Still, some analysts and investors remain concerned that the cost of loans will rise during year end, when banks typically shrink their balance sheets.
The $2.2 trillion repurchase agreement (repo) market is a crucial source of funding and helps ensure that banks, companies and asset managers have the liquidity to meet their daily operational needs.
The market came under stress in September as demand for funds to settle Treasury purchases and pay corporate taxes overwhelmed loans available.
Investors are focused on the repo market this week as companies again face tax obligations while $78 billion in Treasury supply will need to be settled.
“When we had the real craziness and volatility in September it was exactly this time,” said Tom Simons, a money market economist at Jefferies in New York. However, “the Fed has done a lot to try to combat this.”
The New York Federal Reserve has increased the amount of liquidity it is providing to banks through its daily repo operations in a bid to avoid a repeat of September’s funding strains.

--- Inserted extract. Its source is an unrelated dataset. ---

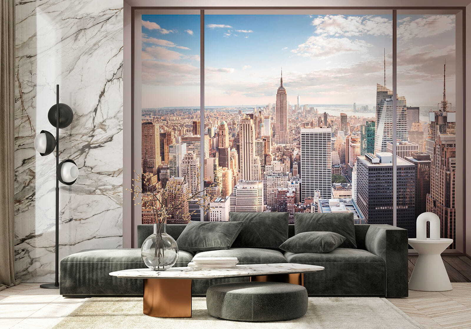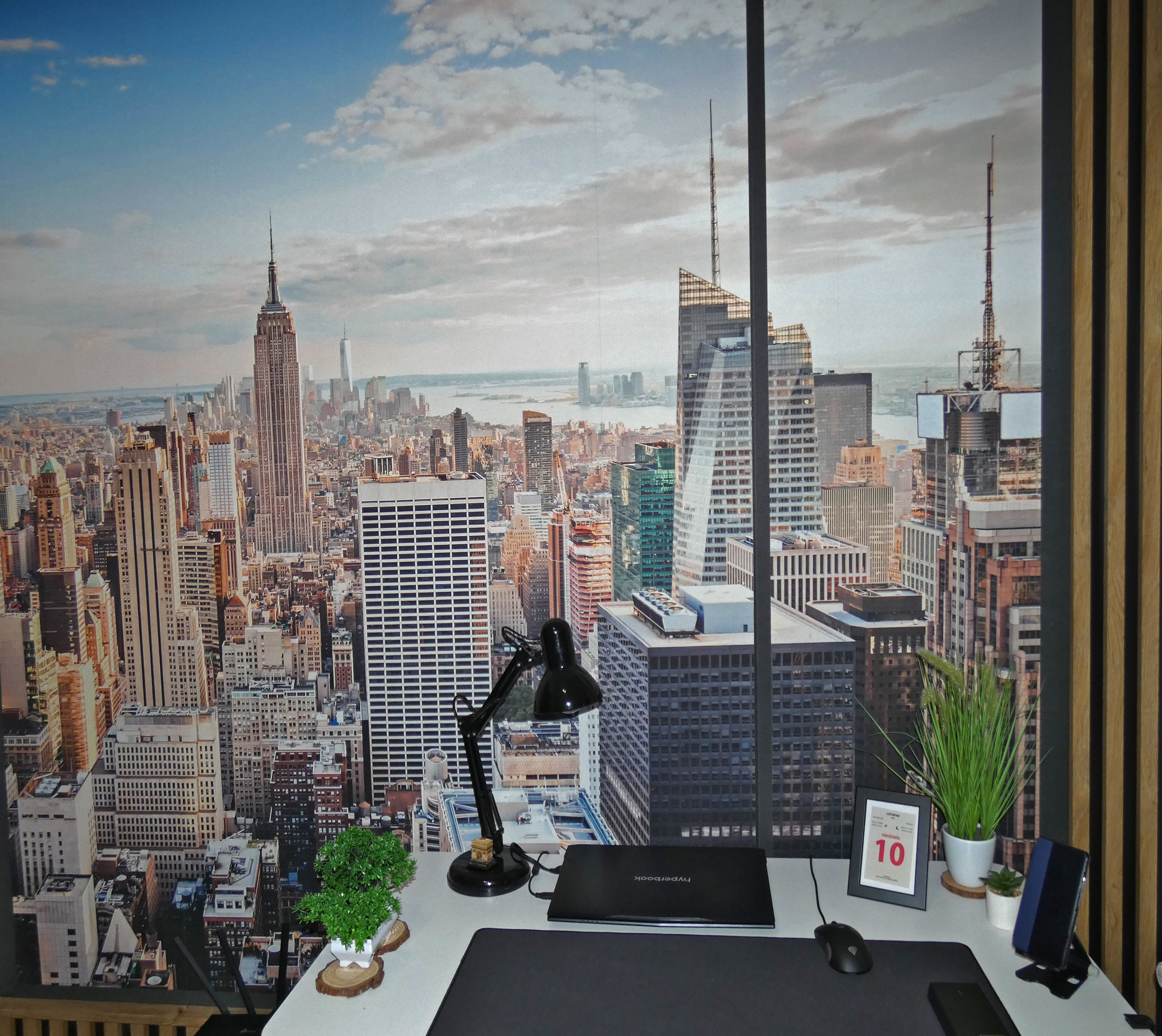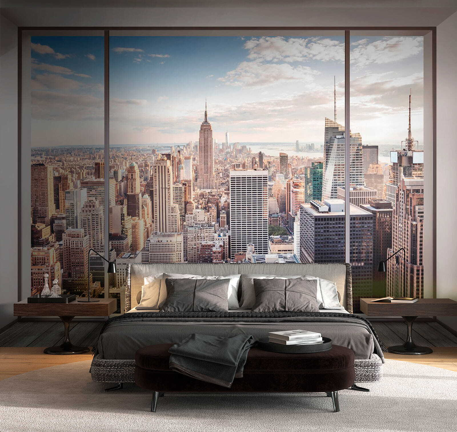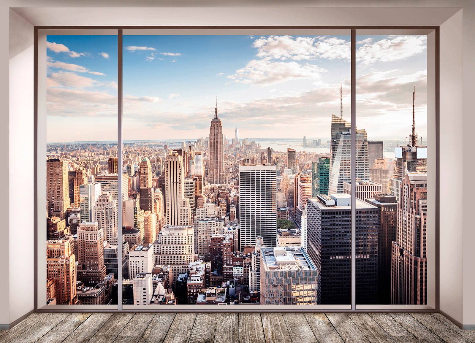 Imagine acordar com isto todos os dias – uma linha do horizonte épica sem ter de sair do seu quarto! “Papel de parede Skyline view through large window” dá-lhe essa sensação de cidade grande, sem a azáfama. Perfeito para quem sonha com a vida na cidade ou simplesmente adora uma vista fantástica. É como ter uma penthouse na sua sala de estar. Além disso, não há barulho!

A 32-day repo operation on Monday was slightly oversubscribed, with the Fed accepting $50 billion from $54.25 billion in bids. The Fed also accepted all $36.40 billion in bids at an overnight operation.
The cost to obtain an overnight loan backed by Treasury collateral increased to 1.70%, from 1.62% on Friday, before dropping back to 1.52%. It remains within the Fed’s target range for the federal funds rate of 1.50% to 1.75%.
While the repo market appeared to be functioning smoothly on Monday, concerns remain that funding will dry up over year-end when banks typically pare their balance sheets.
The Fed’s repo operations are made only with major dealers, with the banks in turn passing liquidity on to their clients.
The banks are likely to reduce the availability of these loans over year end, however, as they seek to hit specific risk and capital ratios.
“Balance sheets are certainly going to dry up as we get closer to year end,” said Simons. “Dealers aren’t going to be taking on much extra, if any, to lend out to customers who might have to be paying up to fund themselves.”